Perlengkapan Permainan
4
Sofia “PERMAINAN TRADISIONAL ANAK-ANAK BETAWI” ( Jakarta, CV. Widya Lika Utama, 1999) h. 35
Alat utama yang diperlukan dalam permainan ini adalah sebuah senapan atau
pletokan. Senapan ini dibuat dari sebatang bambu kecil, diameternya sekitar 1 atau
1,5 cm, dengan panjang 30-40 cm. ukuran ini dapat disesuaikan dengan panjang ruas
bamboo. Bamboo tersebut akan dijadikan laras senapan, karena itu di dalamnya
kosong seperti corong pipa.
Alat utama yang dijadikan sebagai peluru atau amunisinya dipakai biji jambu
atau biji petai cina, namun para orang tua sering melarangnya karena jika mengenai
mata biji jambu atau petai cina bisa berbahaya, untuk itu digunakanlah kertas basah
sebagai pelurunya karena bahannya lembut dan tidak berbahaya jika mengenai badan.

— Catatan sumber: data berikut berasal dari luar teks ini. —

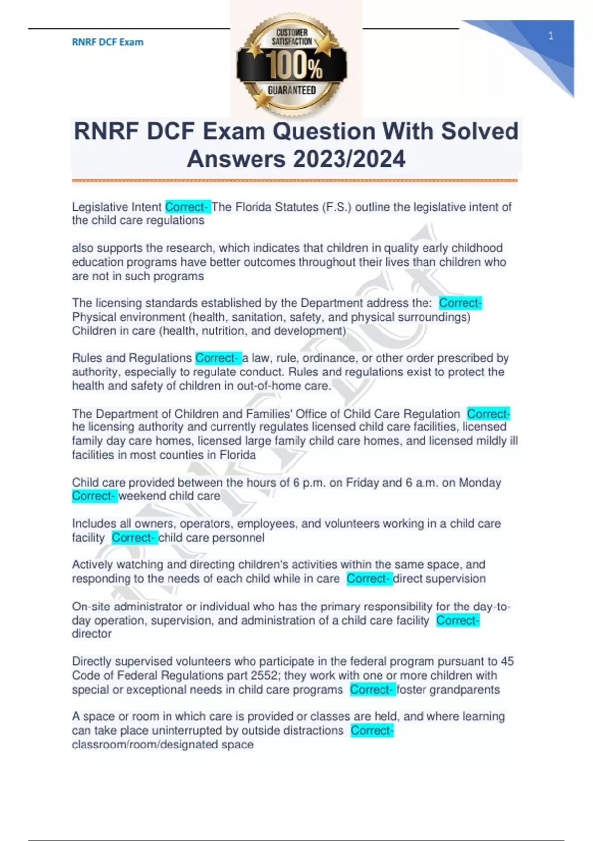 RNRF DCF Exam Question With Solved Answers 2023/2024 RNRF DCF Exam Question With Solved Answers 2023/2024
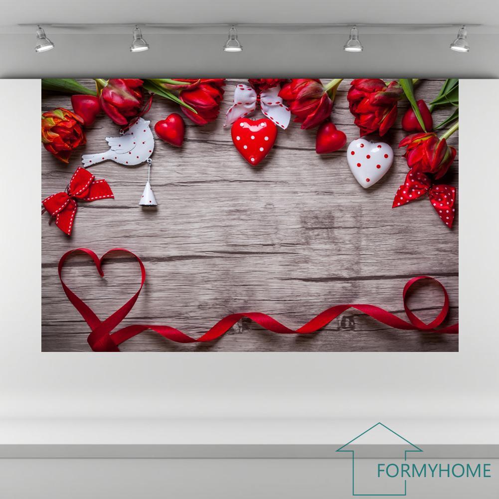 Layar Backdrop Background Prop Fotografi Pernikahan Gambar Hati Dan Bunga Mawar

Untuk alat penekan atau pelatuk senapannya dapat dibuat dari kayu atau bamboo
yang telah dibelah yang sudah di serut atau dihaluskan, sebesar lobang diameter laras
senapannya dan bagian pangkal tolak pelurunya bisa dipasang gagang.
Panjang antara laras senapa dengan alat tolak itu tidak sama. Jadi kalau alat
tolak ini dimasukan ke larasnya, hanya akan mencapai 2 atau 3 cm sebelum lubang
ujung laras. Hal ini agar membuat ruang letup udara. Kalau kita masukan peluru
pertama, hanya akan sampai di ujung saja. Setelah peluru kedua dimasukkan dan kita
tekan dengan alat tolak, maka peluru pertama akan meletup dan mengeluarkan bunyi
pletok! Demikian seterusnya dengan peluru yang lain.
Gambar I : Senapan Pletokan dari Bambu dengan peluru dari biji-bijian.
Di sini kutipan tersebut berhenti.